These are chat archives for ManageIQ/manageiq/performance

12th
Jan 2018
Keenan Brock
@kbrock
Jan 12 2018 23:13
@NickLaMuro you fill up with food and find the culprit?
Nick LaMuro
@NickLaMuro
Jan 12 2018 23:13
still leaking since when I left it
So I am probably going to call it here for today. I just ate, but I am not pretty much out of it at this point.
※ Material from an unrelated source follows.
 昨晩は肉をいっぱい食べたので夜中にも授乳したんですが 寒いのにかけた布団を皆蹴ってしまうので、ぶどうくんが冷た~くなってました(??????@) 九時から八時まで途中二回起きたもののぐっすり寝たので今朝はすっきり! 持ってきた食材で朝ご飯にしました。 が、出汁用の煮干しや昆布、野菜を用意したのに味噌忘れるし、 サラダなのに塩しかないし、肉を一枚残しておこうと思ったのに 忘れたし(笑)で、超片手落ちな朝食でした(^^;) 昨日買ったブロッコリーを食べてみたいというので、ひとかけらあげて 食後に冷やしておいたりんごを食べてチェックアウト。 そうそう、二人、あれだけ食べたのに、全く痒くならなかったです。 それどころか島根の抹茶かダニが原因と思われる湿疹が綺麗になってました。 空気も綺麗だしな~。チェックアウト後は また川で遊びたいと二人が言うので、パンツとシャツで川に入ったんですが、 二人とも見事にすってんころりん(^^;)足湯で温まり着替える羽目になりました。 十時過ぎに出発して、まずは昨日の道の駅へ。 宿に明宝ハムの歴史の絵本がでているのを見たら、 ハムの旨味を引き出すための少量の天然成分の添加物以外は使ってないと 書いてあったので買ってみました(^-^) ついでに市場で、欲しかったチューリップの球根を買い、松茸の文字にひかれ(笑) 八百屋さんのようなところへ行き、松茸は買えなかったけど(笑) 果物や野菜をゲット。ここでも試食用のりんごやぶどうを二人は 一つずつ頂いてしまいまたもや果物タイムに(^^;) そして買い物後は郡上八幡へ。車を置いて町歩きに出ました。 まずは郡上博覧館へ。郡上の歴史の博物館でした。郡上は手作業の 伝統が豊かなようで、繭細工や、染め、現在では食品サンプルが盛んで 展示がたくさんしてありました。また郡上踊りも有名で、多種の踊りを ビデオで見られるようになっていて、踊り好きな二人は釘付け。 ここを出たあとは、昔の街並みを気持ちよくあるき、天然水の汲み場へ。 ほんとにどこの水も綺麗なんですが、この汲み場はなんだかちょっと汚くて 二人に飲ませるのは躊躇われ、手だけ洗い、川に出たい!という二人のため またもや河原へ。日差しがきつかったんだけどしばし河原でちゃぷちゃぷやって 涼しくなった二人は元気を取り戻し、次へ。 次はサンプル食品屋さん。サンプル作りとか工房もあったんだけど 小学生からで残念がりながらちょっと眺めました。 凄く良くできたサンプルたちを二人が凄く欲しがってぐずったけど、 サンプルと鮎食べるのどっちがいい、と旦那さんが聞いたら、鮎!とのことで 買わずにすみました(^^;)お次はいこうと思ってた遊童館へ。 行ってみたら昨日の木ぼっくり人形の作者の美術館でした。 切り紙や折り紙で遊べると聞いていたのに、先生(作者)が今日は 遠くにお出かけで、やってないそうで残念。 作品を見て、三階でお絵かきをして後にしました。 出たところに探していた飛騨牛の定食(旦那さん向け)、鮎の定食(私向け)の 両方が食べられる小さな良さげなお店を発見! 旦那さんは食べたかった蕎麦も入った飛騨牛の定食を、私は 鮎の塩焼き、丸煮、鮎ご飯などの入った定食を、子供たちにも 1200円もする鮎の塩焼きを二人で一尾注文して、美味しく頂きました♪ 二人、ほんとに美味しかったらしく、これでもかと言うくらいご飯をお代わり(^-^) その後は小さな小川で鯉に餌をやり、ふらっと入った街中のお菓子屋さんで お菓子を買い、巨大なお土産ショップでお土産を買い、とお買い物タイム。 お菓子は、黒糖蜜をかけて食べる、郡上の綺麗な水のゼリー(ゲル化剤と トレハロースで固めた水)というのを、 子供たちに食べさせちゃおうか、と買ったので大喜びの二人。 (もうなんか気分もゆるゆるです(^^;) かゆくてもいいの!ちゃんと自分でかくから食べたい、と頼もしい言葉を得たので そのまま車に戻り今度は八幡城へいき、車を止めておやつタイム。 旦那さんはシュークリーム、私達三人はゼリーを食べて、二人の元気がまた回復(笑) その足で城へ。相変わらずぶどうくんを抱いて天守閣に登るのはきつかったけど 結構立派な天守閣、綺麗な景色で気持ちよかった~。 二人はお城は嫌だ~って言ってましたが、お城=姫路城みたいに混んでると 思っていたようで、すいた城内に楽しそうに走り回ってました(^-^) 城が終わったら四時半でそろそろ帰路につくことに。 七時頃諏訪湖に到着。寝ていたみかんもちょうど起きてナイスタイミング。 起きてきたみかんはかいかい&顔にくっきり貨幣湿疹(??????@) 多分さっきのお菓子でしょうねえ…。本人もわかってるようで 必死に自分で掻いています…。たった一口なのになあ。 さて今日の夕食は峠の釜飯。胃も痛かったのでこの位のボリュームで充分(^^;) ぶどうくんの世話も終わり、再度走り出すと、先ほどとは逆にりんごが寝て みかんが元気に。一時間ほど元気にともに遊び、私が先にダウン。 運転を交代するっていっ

I plan on working on this more this weekend though.
Keenan Brock
@kbrock
Jan 12 2018 23:13
yay
k
think the next steps are pretty straight forward
so excited
Nick LaMuro
@NickLaMuro
Jan 12 2018 23:14
going to let it run with the laptop open to be "super secret ultra double extra sure"
Keenan Brock
@kbrock
Jan 12 2018 23:14
aah
yes, put it under super secret probation
Nick LaMuro
@NickLaMuro
Jan 12 2018 23:14
told LJ to also try running the script as well
Keenan Brock
@kbrock
Jan 12 2018 23:14
yay
Nick LaMuro
@NickLaMuro
Jan 12 2018 23:14
just so we have more than one person confirming it
guess I should probably give the short version here...
will do that before I call it quits... hold please while I type a :book:
Nick LaMuro
@NickLaMuro
Jan 12 2018 23:23

So, for those following along at home, the script we used to reproduce the leak can be found here:

https://github.com/NickLaMuro/miq_tools/blob/master/miq_server_leak_discovery/10_miq_process_loop_test.rb

Keenan and I were on a call for most of the day, and happen to stumble across this when debugging against a leaking server using gdb, and and some of the following while monitoring the /proc/[SERVER_PID]/smaps file of the server process:
$ gdb -p [SERVER_PID]
(gdb) p rb_eval_string("GC.start")
$1 = 8
(gdb) p rb_eval_string("s = MiqServer.my_server; 500.times { s.sync_workers }; s = nil")
$2 = 8
(gdb) p rb_eval_string("GC.start")
$3 = 8
(gdb) p rb_eval_string("s = MiqServer.my_server; 500.times { s.sync_workers; MiqWorker.status_update_all }; s = nil")
$4 = 8
(gdb) p rb_eval_string("GC.start")
$5 = 8
(gdb) p rb_eval_string("s = MiqServer.my_server; 500.times { MiqWorker.status_update_all }; s = nil")
$6 = 8
(of note, running gdb -p [SERVER_PID] halts execution where ever the process happened to be running, so when monitoring it, we could see the leak of the existing server process stop until we ran the lines above)
The first test, s = MiqServer.my_server; 500.times { s.sync_workers }; s = nil, didn't leak at all, which told use that the server leak wasn't in sync_workers (has been a working theory for the past week)
but the next two tests did, pretty heavily as well
Nick LaMuro
@NickLaMuro
Jan 12 2018 23:28
The script that I linked previously is a stripped down version of that which is all the data that is gathered from that, and just doesn't run the update_attributes! method for each of the workers.
The crazy part, is that only when the require "config/environment" line is present, do we actually observe a leak with that script, otherwise, it works without leaking at all
this leads us to believe that the "witches brew" of gems that we have in ManageIQ is causing the leak
this would also possibly explain why we are seeing a leak in other workers as well, and what we have in the MiqServer is just more reproducible because it doesn't have as much variability to it (a lot of our other workers do work based on jobs in the queue, which can make seeing the leak a bit more sporadic)
we need to zone in a bit more to figure out the exact location, but this is getting us much closer to finding the leak
Dennis Metzger
@dmetzger57
Jan 12 2018 23:53
Thanks for the short update 😏
And great to see progress